Objective To secure a full time position in Bioinformatics .
Masters of Science in Bioinformatics
Operating System: Windows XP, Windows Vista, Mac, Linux, Unix
Specialities: Next Generation Sequencing, PLINKSEQ, PLINK, KING, Annovar, dbSNP, HapMap, UCSC genome browser, Circos visualization tool, NCBI, Pubmed, Genomic data formats like VCF, GVF, BED,etc.
DBMS,MS Office Suite, Perl, BioPerl, Python, Bash, Java, PostgreSQL, MySQL, HTML, XML, R
- Displayed Copy Number Variation data ploidy type ,ploidy score and CNV scores plots for four different CNV data files(data summarized on Complete Genomics platform) utilizing Circos genome visualization tool.
- Developed a Perl converter to convert GVF to VCF format for the individual hg19 chromosome fasta files downloaded from the UCSC genome browser .
- Developed a Perl converter to convert GVF file format to VCF format for the hg19 whole genome as a reference.
- Developed a Perl parser to split a large VCF file having autism data for 411 individuals to smaller VCF files for each of these individuals. Used Annovar to analyze these genomes files.
- Developed a Perl script to generate the flanking sequences surrounding all the types of variants of 17 individuals of Utah family sequenced on three different platforms 17 CGI hg19, 17 CGI hg18 and 17 Illumina.

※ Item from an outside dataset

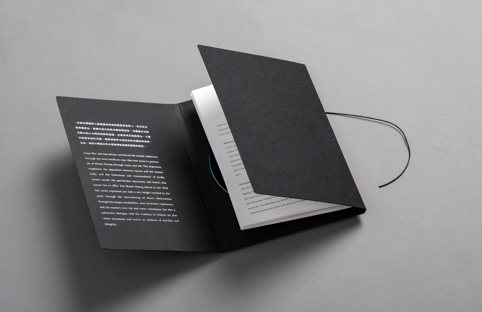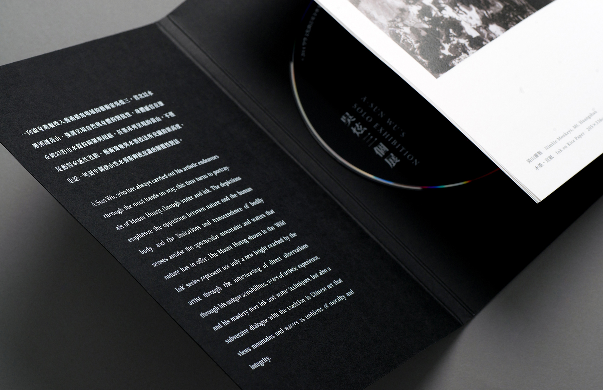 吳炫三以水墨揮灑黃山,展出身體感官在雄奇幻險的山水間之侷限與超越,展覽視覺以黑與白出發,呼應場域中的水墨黑白。該展將作品介紹收納於光碟片件取代畫冊印製,以黑色厚卡、燙白文字、黑色皮繩作為包裝紙夾的元素,現示出當代水墨的氣勢。

- Developed a Perl script to count the flanking sequences that are present multiple times in the entire list of 7 mers to generate the output having each line as 7mer and count of it in the individual. Accomplished this for 17 individuals for three platforms CGI hg19, CGI hg18 and Illumina
- Wrote a Perl script to get the top 15 or top n most frequent 7mers(flanks + SNPs) for 51 genomes.
- Using Perl, applied Quality score threshold of >= 20 to the SNPs sequenced in Illumina platform for 17 Utah family genomes. Obtained the list of overlapping and non overlapping variants between CGI hg19 and Illumina files, flanking sequences, their counts and top 15 most frequent polymers for 17 individuals with and without Quality score threshold for SNPs.
- Wrote a Perl script to generate all possible combinations of 7mers in the genome that is 16384 strings. Compared the list of overlapping SNPs , non overlapping or CGI specific SNPs and Illumina specific SNPs (without quality score threshold) to the list of 16384 patterns to obtain three tables having the 16384 strings as first column and 17 columns each having their counts per individual using Perl. Obtained top 20 most frequent from each table to draw a comparison between two platforms .
- Developed a Perl script that gives the counts of each of 16384 7mers or patterns from the human genome hg19 as reference.
- Developed a Python script to compare the quality scores columns of overlapped and non overlapped variants GVF files for both CGI+Illumina and Illumina+CGI directions of comparison.
- Developed a shell script to automate multiple command line runs of gsearch for 17 individuals .A single command line run takes as a input CGI GVF file and reference as Illumina GVF file and vice versa for each individual to obtain the list of overlapping and non overlapping variants which is time consuming.
- Developed a shell script to automate multiple runs of generation of Average Quality scores from the GVF file column for the overlapping and non overlapping list of variants in two directions of comparison (CGI+Illumina and Illumina+CGI).
Confidential, Boston, MA
Bioinformatics Research Co-op Summer 2011
- Researched on how bad are the consequences of missense variations in causing disease. Obtained Condel scores from Ensembl variation database for a list of variants.
- Accomplished analysis of whole genome utilizing PLINK for Identity by descent and Inbreeding coefficients writing Perl scripts.
- Accomplished GWAS using King tool for getting kinship scores. Drawn comparison between PLINK and King tools and found that the King tool is more efficient.
- Wrote Perl script to obtain the list of genes that are least probable in different types of statistical tests performed for updating company’s tools.
- Wrote Perl script to obtain Phastcons scores for a list of variants matching with those in the UCSC genome browser.Wrote Perl script to get the variant sites overlapping with the allele coordinates of miRNA’s downloaded from miRBase database .
- Wrote Perl script to parse out the number of drug responders and non responders with one or two variants for each gene in a sorted list of genes with different patterns of variants for 25 responders and 25 non responders respectively.
- Automated Pubmed searches by writing a Perl script.
- Developed Circos genome data visualization tool for Cancer utilizing JavaFX in Netbeans IDE. Also, queried company’s internal database to obtain 1000 Genomes genotypes using Perl.